Study Design
The present analysis is a non-randomized, matched cohort analysis of longitudinal data, up to 2 years from baseline, among patients enrolled in THAOS. Details regarding the basic design and methodology of THAOS (ClinicalTrials.gov: NCT 00628745) are described elsewhere [20]. THAOS is an observational registry for which any individual with a confirmed TTR mutation or wild-type ATTR amyloidosis is eligible, and includes some patients participating in ongoing clinical trials [20]. All study sites received ethical or institutional review board approval prior to subject enrollment, and each subject provided written informed consent.
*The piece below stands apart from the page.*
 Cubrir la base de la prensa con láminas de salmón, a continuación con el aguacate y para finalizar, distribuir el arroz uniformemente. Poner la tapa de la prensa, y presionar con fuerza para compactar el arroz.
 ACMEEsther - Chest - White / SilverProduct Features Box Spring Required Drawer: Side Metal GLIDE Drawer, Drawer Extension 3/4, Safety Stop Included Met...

The study followed the International Conference on Harmonisation Good Clinical Practice guidelines and the principles of the Declaration of Helsinki.
Study Population
This analysis included subjects with confirmed TTR mutations (subjects with wild-type ATTR were excluded) who were symptomatic at enrollment or became symptomatic post enrollment, and who had baseline data with at least one follow-up visit. Data were extracted from the THAOS database on January 6, 2015. Subjects with TTR mutations known to have a predominantly cardiac phenotype (i.e., Val122Ile, Ile68Leu, Leu111Met, and Thr60Ala) or who received any treatment (other than tafamidis) intended to target the course of the disease (i.e., liver transplant or diflunisal) pre-enrollment were excluded. The analysis was limited to subjects in Coutinho stage 1 (as defined by the modified Polyneuropathy Disability [mPND]) score, with subjects either having sensory disturbances in their feet but able to walk without difficulty [mPND score I], or having some difficulties walking but able to walk without aid [mPND score II] [21].
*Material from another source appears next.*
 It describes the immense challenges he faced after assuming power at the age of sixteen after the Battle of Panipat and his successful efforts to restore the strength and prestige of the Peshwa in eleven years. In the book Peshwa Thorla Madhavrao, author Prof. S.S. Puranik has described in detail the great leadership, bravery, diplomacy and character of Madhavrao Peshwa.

For patients receiving tafamidis, dosage recommendations (including dosage strength and timing of the dosing) were based on the prescribing physician’s clinical judgment and the local approved product label, or the open-label study protocol for those patients receiving tafamidis as part of their participation in a clinical study (the indicated dose of tafamidis is 20 mg once daily) [22].
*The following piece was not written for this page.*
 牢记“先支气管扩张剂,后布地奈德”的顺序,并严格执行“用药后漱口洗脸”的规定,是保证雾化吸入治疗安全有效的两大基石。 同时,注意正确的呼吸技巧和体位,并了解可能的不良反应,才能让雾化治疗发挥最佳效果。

Disease duration was calculated from the earliest onset date of any symptoms commonly associated with TTR-FAP that the treating physician had flagged as definitively or possibly attributable to the disease. An examination of disease duration at enrollment in all THAOS subjects identified a subgroup with unusually long disease duration, raising the possibility that these unusually long disease duration values could distort the multiple imputation and treatment propensity score models. Because disease duration was an important factor in the matching process, subjects in the highest quartile (≥ 8.6 years) were excluded from the analysis due to these concerns and concerns that there would be an insufficient number of appropriate matches for subjects who had been symptomatic for many years prior to enrollment in THAOS.
Outcome Measures
Subject data from the participating THAOS registry sites included medical, laboratory, neurologic, and quality-of-life assessments collected as part of the local standard of care [20]. The focus of the present analysis was disease progression, based on neurologic and quality-of-life assessments, and mortality. Outcome assessments performed at regular clinic visits were examined based on approximately 6-month intervals (± 3 months). Using data from the clinical neurologic examination, the Neurologic Composite Score (NCS; range 0–294, with higher scores reflecting worsening neurologic functioning) and subscale scores (NCS-Reflex [range 0–10, with items rated as present or absent], NCS-Motor [range 0–160, with items rated from 0 = no contractions to 5 = full range of motion and maximum resistance], NCS-Sensory [range 0–124, with items rated as normal, decreased, or absent]) were calculated as the sum of quantitative ratings for subjects’ neurologic assessments of both upper and lower limbs. The mapped Neuropathy Impairment Score-Lower Limbs (NIS-LL, range 0 [normal] to 88 [total impairment]) was calculated from a subset of neurologic assessment items for lower limbs and assesses function of the extremities most affected early in disease progression [23]. Coutinho stage was derived using the mPND (mPND score I or II equating to Coutinho stage 1; mPND score IIIa or IIIb equating to Coutinho stage 2), and time to progression from Coutinho stage 1 to stage 2 (or higher) was determined [21]. Total Quality of Life (TQoL) score (range − 4 to 136) was derived from the patient-reported Norfolk Quality of Life-Diabetic Neuropathy questionnaire, with higher scores reflecting poorer quality of life [23, 24]. The Karnofsky Performance Status Scale score was used to quantify the subjects’ ability to perform normal daily life activities and their need for assistance (ranging from 0 [dead] to 100 [normal; no complaints]).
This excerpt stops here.